3. VM snapshot reset process [ code ]

Command line : python vm_snapshot_reset_process.py 5002

This program allows the reinforcement learner to reset the Windows 2000 setup to an initial state through the command line interface of VMware. This code will need to be re-written if different virtualization software is used. If VMware is used, the following line in the code will need to be modified to point to the vmx file of your virtual machine:
sVMX = "/home/virtual-machines/vmware/win2k_sp4/TEST_WIN2K_SP4.vmx".

The number specified on the command line (5002) is the TCP/IP port on which the learner will attempt to connect to this process. This value needs to match the corresponding world_*_reset_service port specified in the cache configuration file. The default value is 5002.

4. TCP packet relay [ code ]

Command line : tcp_relay 5000

This program is a simple TCP/IP packet relay. It allows the reinforcement learner to connect to the os instrumentation agent while insulating it from the effects of the virtual machine being reset.

The number specified on the command line (5000) is the TCP/IP port on which the learner will attempt to connect to this process. This value needs to match the corresponding world_*_agent_service port specified in the cache configuration file. The default value is 5000.

Operating system instrumentation agent

[

code ] [

runnable bundle (including dlls) ] [

configuration ]

This program is run by double-clicking on interact.exe from the Windows file explorer.

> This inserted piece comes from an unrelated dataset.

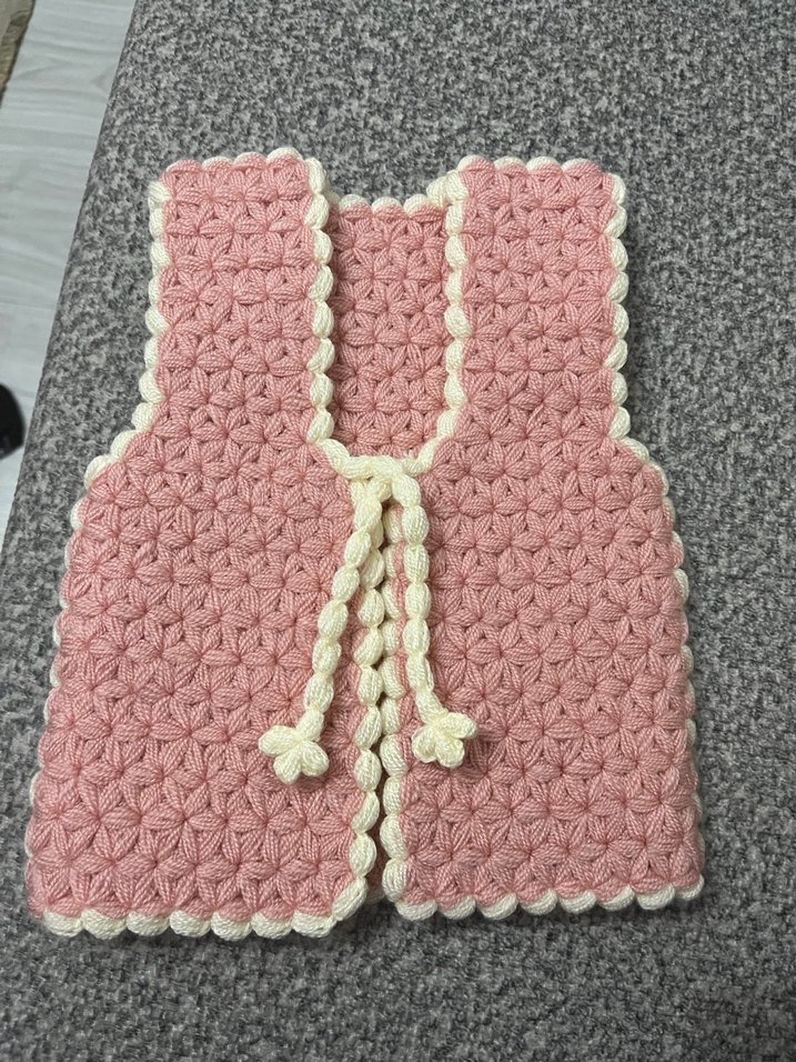 Fıstıklı örgü desene sahip, krem bağcıklı, bisiklet yaka ve kolsuz, pembe kız çocuk yeleği. Kendi el emeğimdir. Ürün elimde hazır bulunmaktadır. Direkt kargo yapılacaktır.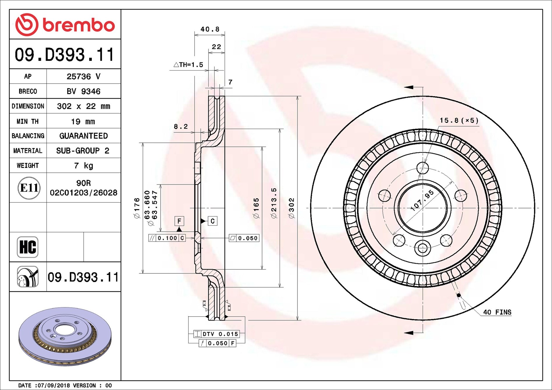 BREMBO 09.D393.11 - Brzdový kotúč

This program when run in Windows 2000 allows the reinforcement learner to observe and interact with the user interface of the operating system, and of the applications running in it. Currently it is only able to observe and interact with user interface objects that are part of the standard Windows 2000 UI library. Interaction with other UI objects was not attempted due both to lack of documentation, and to the peculiarities of their APIs.

Additional Notes

1.	The current version of the operating system instrumentation agent is only able to observe and interact with user interface objects that are part of the standard Windows 2000 UI library. Interaction with other UI objects was not attempted due both to lack of documentation, and to the peculiarities of their APIs.
2.	Windows 2000 was selected as the target operating system both for ease of instrumentation, and availability of help documents.
3.	During a normal learning run, the Windows 2000 virtual machine will be reset multiple times. At every reset, the TCP/IP connection from the operating system instrumentation agent to the reinforcement learner will be interrupted. The tcp packet relay process is used to insulate the learner from this repeated socket disconnection/reconnection.
4.	In our experiments, simply for the sake of convenience and flexibility, the learner and the virtual machine were run on different compute hardware. This is the setup shown in Figure 1. However, both processes can be run on a single compute server if hardware resources are sufficient.
5.	For the sake of performance, no anti-virus or firewall was installed on the Windows 2000 setup. To keep the operating system safe from intrusion, the virtual machine was setup to disallow network connectivity to the external world. Network connections from Windows 2000 were only allowed to the server on which the virtual machine was running (i.e. "local network only").